=== Source data ===
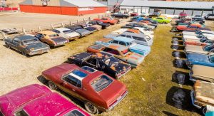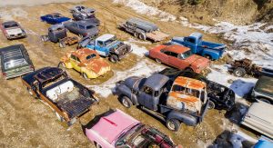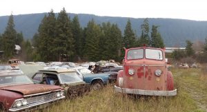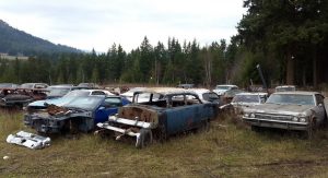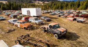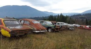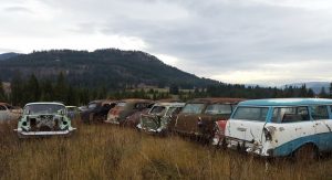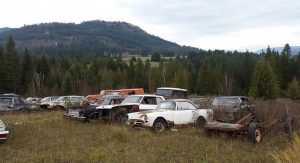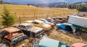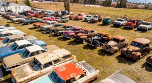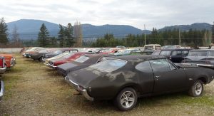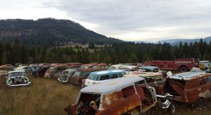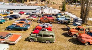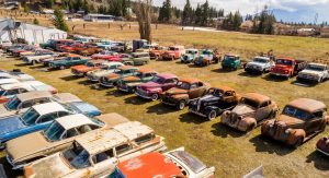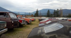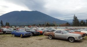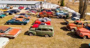 The property owned by Mike Hall located approximately one hour east of Kamloops, includes 5 acres of land, a renovated house, a 1,200 square-foot steel building, a 900 square-foot restoration shop and an auto salvage yard that currently holds over 300 vintage cars.
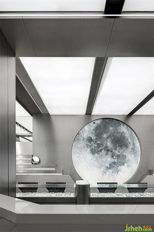 We use the "fundus camera" to observe the eyeball, which is the texture of the moon. We put it in the focus as the "super symbol" of [WONDERFUL WINDOWS], and the service desk is lost in space like a "spaceship", so the route is in a rotary mode. This dynamic line is the experience gained by the designer during his visit to the British Art Museum. The vertical and horizontal appearance system is like viewing with a magnifying glass. Museum level lights attract light seeking creatures. After all, the light in the wormhole is the guide to salvation.
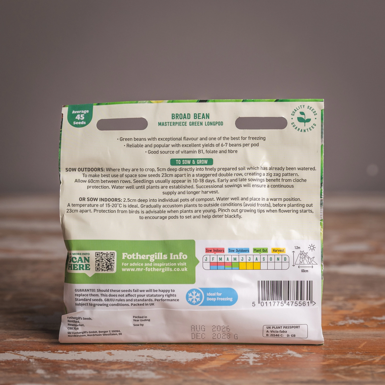 Are you looking for the product "Broad Bean Masterpiece Green Longpod"? We offer Fothergills Seeds products in our garden centers in Donaghadee, Bushmills, Galgorm and Logwood. You can also order the product "Broad Bean Masterpiece Green Longpod" online for £ 3.49 or check the products in Seeds & Bulbs. We look forward to seeing you soon!

=== Task prompt ===
Up to and including the line containing "guide to salvation.", repeat every line from the start of the data, but none of the pictures.

=== Solution below ===
 The property owned by Mike Hall located approximately one hour east of Kamloops, includes 5 acres of land, a renovated house, a 1,200 square-foot steel building, a 900 square-foot restoration shop and an auto salvage yard that currently holds over 300 vintage cars.
 We use the "fundus camera" to observe the eyeball, which is the texture of the moon. We put it in the focus as the "super symbol" of [WONDERFUL WINDOWS], and the service desk is lost in space like a "spaceship", so the route is in a rotary mode. This dynamic line is the experience gained by the designer during his visit to the British Art Museum. The vertical and horizontal appearance system is like viewing with a magnifying glass. Museum level lights attract light seeking creatures. After all, the light in the wormhole is the guide to salvation.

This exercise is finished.